EXERCISE INPUTS: Begin

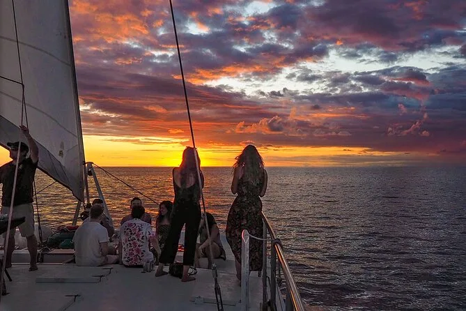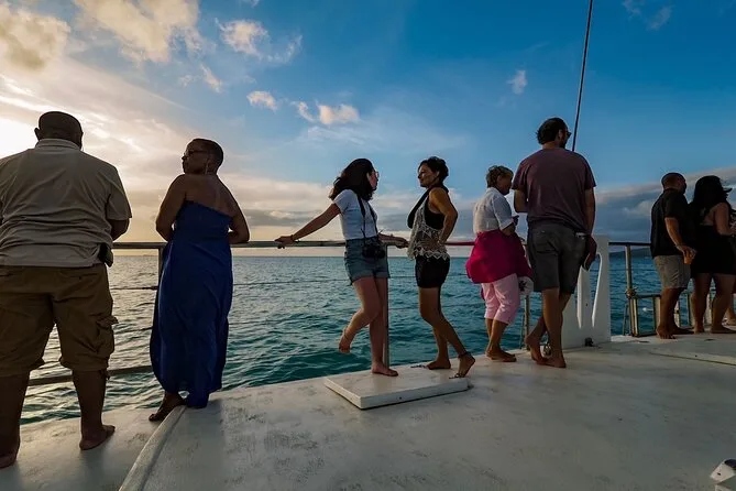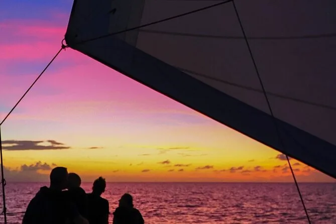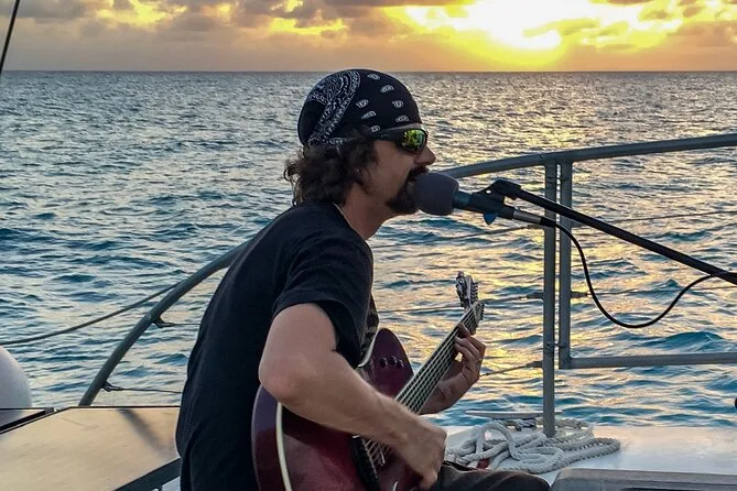 Sua noite inclui um cruzeiro de duas horas em catamarã saindo do píer de Frederiksted, com música ao vivo de artistas locais durante todo o trajeto, rum punch à vontade feito com rum Cruzan (para maiores de 18 anos), além de suco de frutas ou água, enquanto a equipe simpática conta histórias e você observa a vida selvagem perto de Sandy Point antes de voltar ao anoitecer.
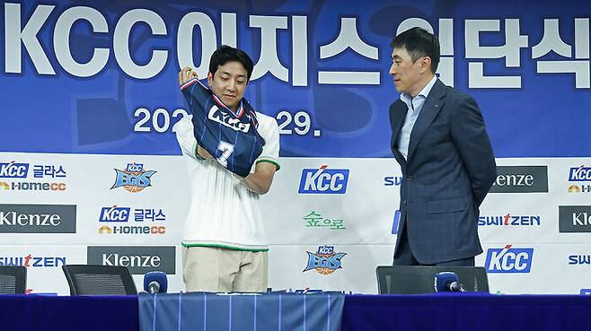 ▲ 부산 KCC 이지스로 이적한 허훈이 29일 서울 강남구 KBL센터에서 열린 입단식에서 이상민 감독으로부터 받은 7번 유니폼을 입고 있다.
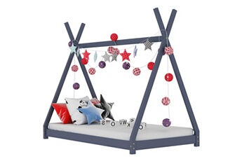 Créez le refuge ultime dans la chambre de vos enfants avec notre cadre de lit fantastique ! Le lit présente un cadre croisé innovant inspiré des tentes de style tipi cool où vous pouvez accrocher des rideaux de lit pour créer de l'intimité pour votre enfant. Il peut également être utilisé comme coin lecture ou maison de jeu pour votre enfant. Fabriqué en bois de pin massif, ce cadre de lit est extrêmement robuste et durable. Les lattes résistantes offrent le soutien nécessaire et sont très confortables. Ce cadre de lit convient à un matelas de 90 x 200 cm. Veuillez noter que la livraison inclut un cadre de lit seulement ; un matelas et les rideaux ne sont pas inclus. Le lit est facile à assembler. Vous pouvez chercher le matelas correspondant dans notre boutique. Caractéristiques: Couleur : gris Matériaux : lattes en contreplaqué + cadre en pin massif Dimensions totales : 208 x 98 x 154 cm (L x l x H) Dimensions du matelas correspondant : 90 x 200 cm (I x L) (matelas non inclus)
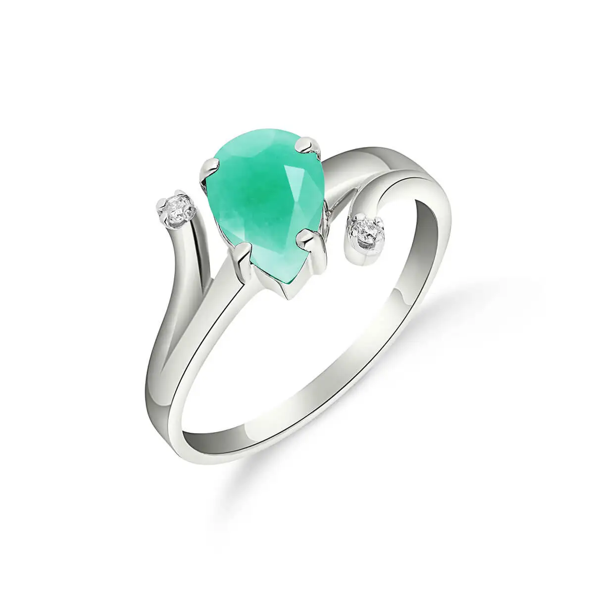 Emerald & Diamond Ring handcrafted in solid white gold. Single 1 ct genuine emerald, two diamonds, total 0.01 ct. Pear cut. Available from sizes H to Z including half sizes. Size: 10.2 mm (0.4 in). Material: 9ct White Gold. Total metal weight: 2.6 gr. 1 pear cut emerald (9 x 6 mm) = 1 ct. 2 round cut diamonds (K colour, SI2 clarity) = 0.01 ct total. Colour: Green. Stone cut: Pear Cut. Anniversary: 20th Anniversary, 35th Anniversary. Birthstone: May.
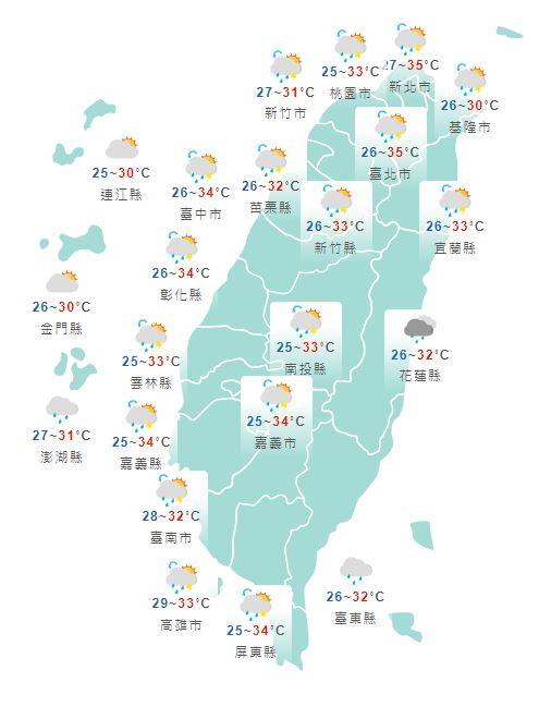 氣象局預估,週日、下週一(26日、27日)太平洋高壓北抬,不過台灣各地仍為多雲到晴的天氣,高溫炎熱,各地最高溫皆來到33度以上;降雨部分,仍因留意午後因熱力作用,各地會出現旺盛的對流發展,容易有局部較大雨勢發生。
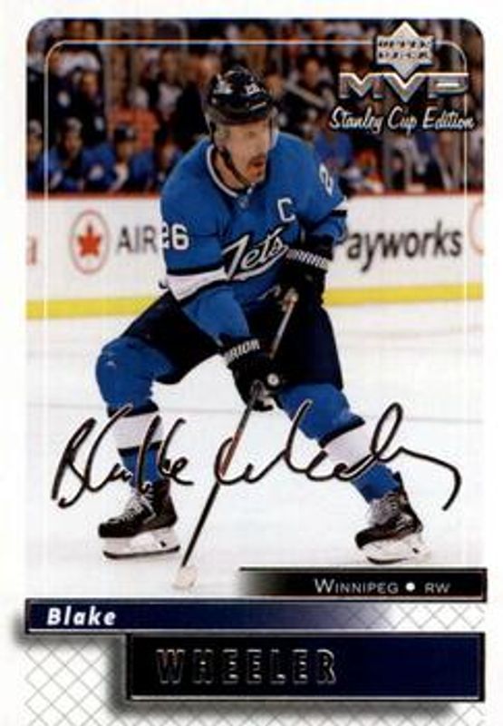 Blake Wheeler 2019 Upper Deck MVP #11 Stanley Cup Edition 20th Anniversary Silver Script RAW Price Guide
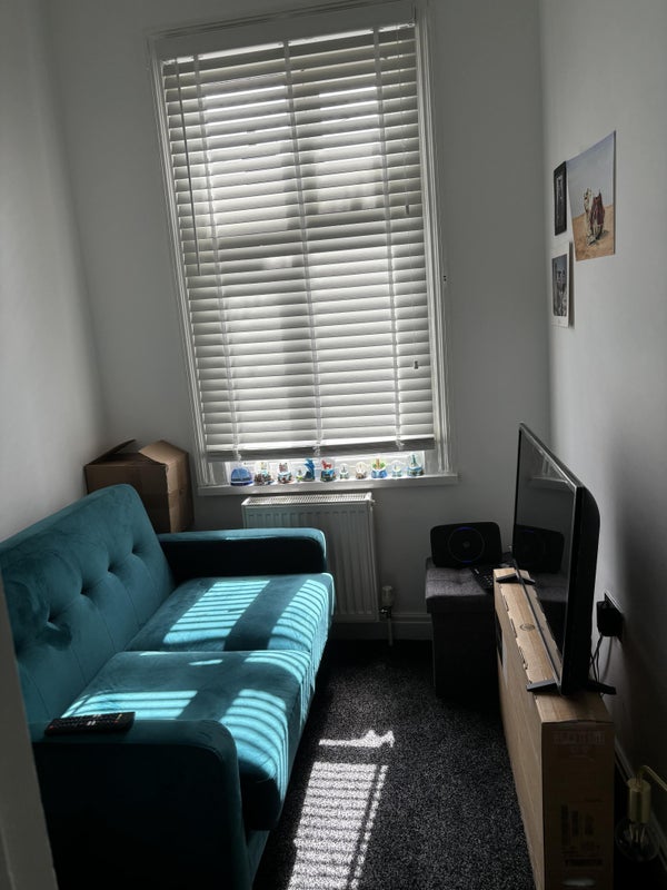 The flat comes partly furnished and includes a tiny but mighty sitting room with a comfy sofa where you can collapse after a long day of pretending to be productive. There’s also a shared kitchen and bathroom. On-street parking is available if you’re lucky or have good parking karma. Plus, we’re surrounded by loads of convenience shops and genuinely great neighbours. Like, the kind who nod and say “hello” without it being weird.
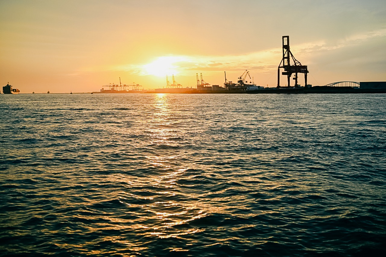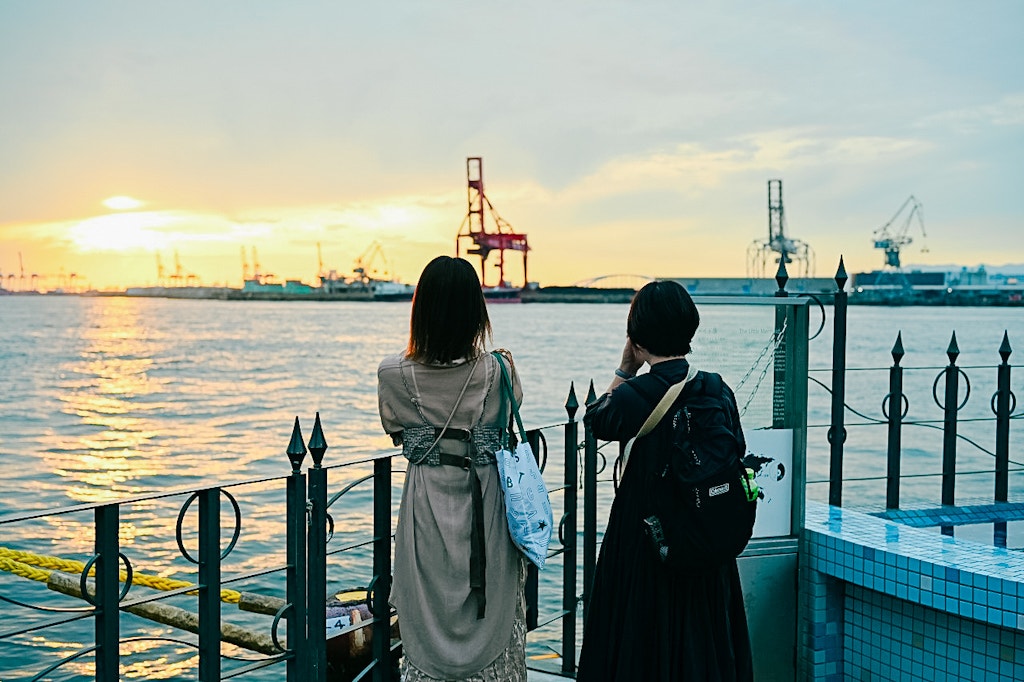 ベイエリアと呼ばれる地区は、大阪湾に面したエリアで美しい夕陽にも出会えるスポット。
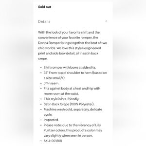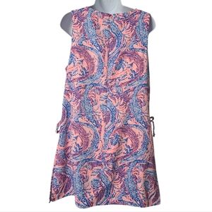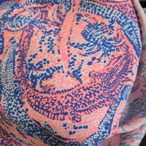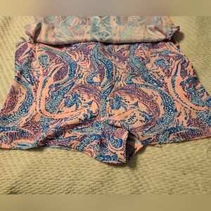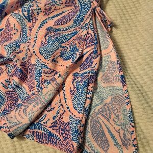 Pink and blue Maybe Gator Donna romper by Lilly Pulitzer. Attached shorts, spit side dress with bows. Hard to get a good picture of the actual color but it is pink and blue. First two pics from internet. See pics for measurements anddescription. Very gently worn.
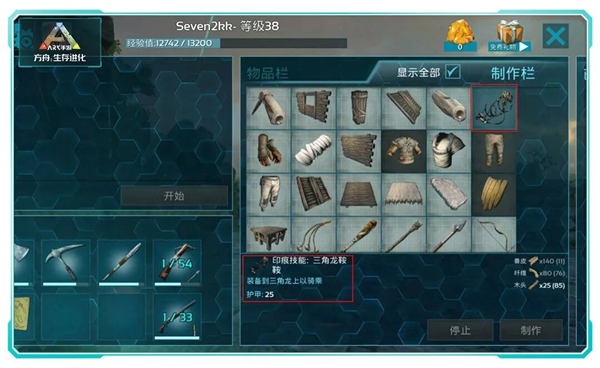 10、若想骑乘恐龙(部分恐龙无法骑乘),需先制作对应的鞍具。鞍具图纸需消耗技能点在技能栏中解锁,且不同恐龙所需鞍具不同,这也意味着需达到相应等级才可骑乘特定恐龙。
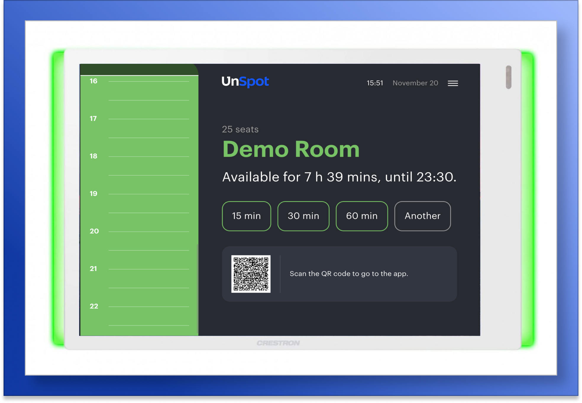 LED indicators on Crestron panels now display the current status of a meeting room. The indicator color shows the room’s availability: red means the room is occupied, green means it’s free, and yellow indicates that a booking is awaiting approval.
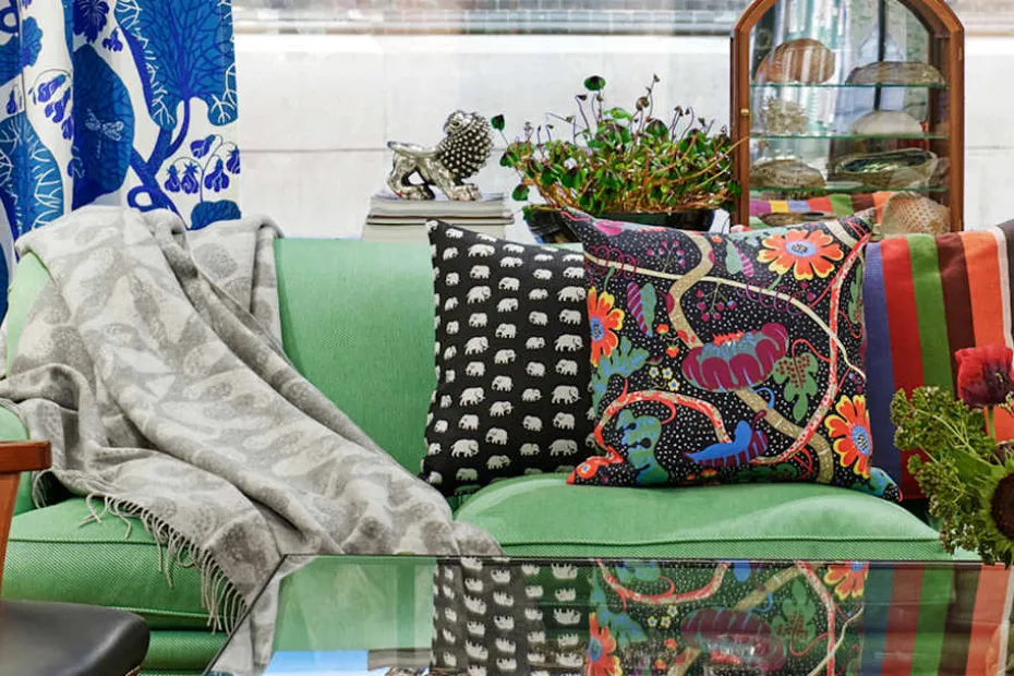 Svenskt Tenns klassiska kuddar är omtyckta världen över; från Stockholm till New York och Shanghai. Tyget Hamaca Rojo kommer ursprungligen från Donghia Textiles, ett av flera inredningsföretag grundade av Angelo Donghia i USA på 1960 – 1970 talet. Tyget har funnits med ensamrätt i Svenskt Tenns sortiment sedan år 1995.

EXERCISE INPUTS: End

TASK ITEM: For each record above, write it out exactly and omit any picture.

OUTPUT FOR THIS EXERCISE:
 Sua noite inclui um cruzeiro de duas horas em catamarã saindo do píer de Frederiksted, com música ao vivo de artistas locais durante todo o trajeto, rum punch à vontade feito com rum Cruzan (para maiores de 18 anos), além de suco de frutas ou água, enquanto a equipe simpática conta histórias e você observa a vida selvagem perto de Sandy Point antes de voltar ao anoitecer.
 ▲ 부산 KCC 이지스로 이적한 허훈이 29일 서울 강남구 KBL센터에서 열린 입단식에서 이상민 감독으로부터 받은 7번 유니폼을 입고 있다.
 Créez le refuge ultime dans la chambre de vos enfants avec notre cadre de lit fantastique ! Le lit présente un cadre croisé innovant inspiré des tentes de style tipi cool où vous pouvez accrocher des rideaux de lit pour créer de l'intimité pour votre enfant. Il peut également être utilisé comme coin lecture ou maison de jeu pour votre enfant. Fabriqué en bois de pin massif, ce cadre de lit est extrêmement robuste et durable. Les lattes résistantes offrent le soutien nécessaire et sont très confortables. Ce cadre de lit convient à un matelas de 90 x 200 cm. Veuillez noter que la livraison inclut un cadre de lit seulement ; un matelas et les rideaux ne sont pas inclus. Le lit est facile à assembler. Vous pouvez chercher le matelas correspondant dans notre boutique. Caractéristiques: Couleur : gris Matériaux : lattes en contreplaqué + cadre en pin massif Dimensions totales : 208 x 98 x 154 cm (L x l x H) Dimensions du matelas correspondant : 90 x 200 cm (I x L) (matelas non inclus)
 Emerald & Diamond Ring handcrafted in solid white gold. Single 1 ct genuine emerald, two diamonds, total 0.01 ct. Pear cut. Available from sizes H to Z including half sizes. Size: 10.2 mm (0.4 in). Material: 9ct White Gold. Total metal weight: 2.6 gr. 1 pear cut emerald (9 x 6 mm) = 1 ct. 2 round cut diamonds (K colour, SI2 clarity) = 0.01 ct total. Colour: Green. Stone cut: Pear Cut. Anniversary: 20th Anniversary, 35th Anniversary. Birthstone: May.
 氣象局預估,週日、下週一(26日、27日)太平洋高壓北抬,不過台灣各地仍為多雲到晴的天氣,高溫炎熱,各地最高溫皆來到33度以上;降雨部分,仍因留意午後因熱力作用,各地會出現旺盛的對流發展,容易有局部較大雨勢發生。
 Blake Wheeler 2019 Upper Deck MVP #11 Stanley Cup Edition 20th Anniversary Silver Script RAW Price Guide
 The flat comes partly furnished and includes a tiny but mighty sitting room with a comfy sofa where you can collapse after a long day of pretending to be productive. There’s also a shared kitchen and bathroom. On-street parking is available if you’re lucky or have good parking karma. Plus, we’re surrounded by loads of convenience shops and genuinely great neighbours. Like, the kind who nod and say “hello” without it being weird.
 ベイエリアと呼ばれる地区は、大阪湾に面したエリアで美しい夕陽にも出会えるスポット。
 Pink and blue Maybe Gator Donna romper by Lilly Pulitzer. Attached shorts, spit side dress with bows. Hard to get a good picture of the actual color but it is pink and blue. First two pics from internet. See pics for measurements anddescription. Very gently worn.
 10、若想骑乘恐龙(部分恐龙无法骑乘),需先制作对应的鞍具。鞍具图纸需消耗技能点在技能栏中解锁,且不同恐龙所需鞍具不同,这也意味着需达到相应等级才可骑乘特定恐龙。
 LED indicators on Crestron panels now display the current status of a meeting room. The indicator color shows the room’s availability: red means the room is occupied, green means it’s free, and yellow indicates that a booking is awaiting approval.
 Svenskt Tenns klassiska kuddar är omtyckta världen över; från Stockholm till New York och Shanghai. Tyget Hamaca Rojo kommer ursprungligen från Donghia Textiles, ett av flera inredningsföretag grundade av Angelo Donghia i USA på 1960 – 1970 talet. Tyget har funnits med ensamrätt i Svenskt Tenns sortiment sedan år 1995.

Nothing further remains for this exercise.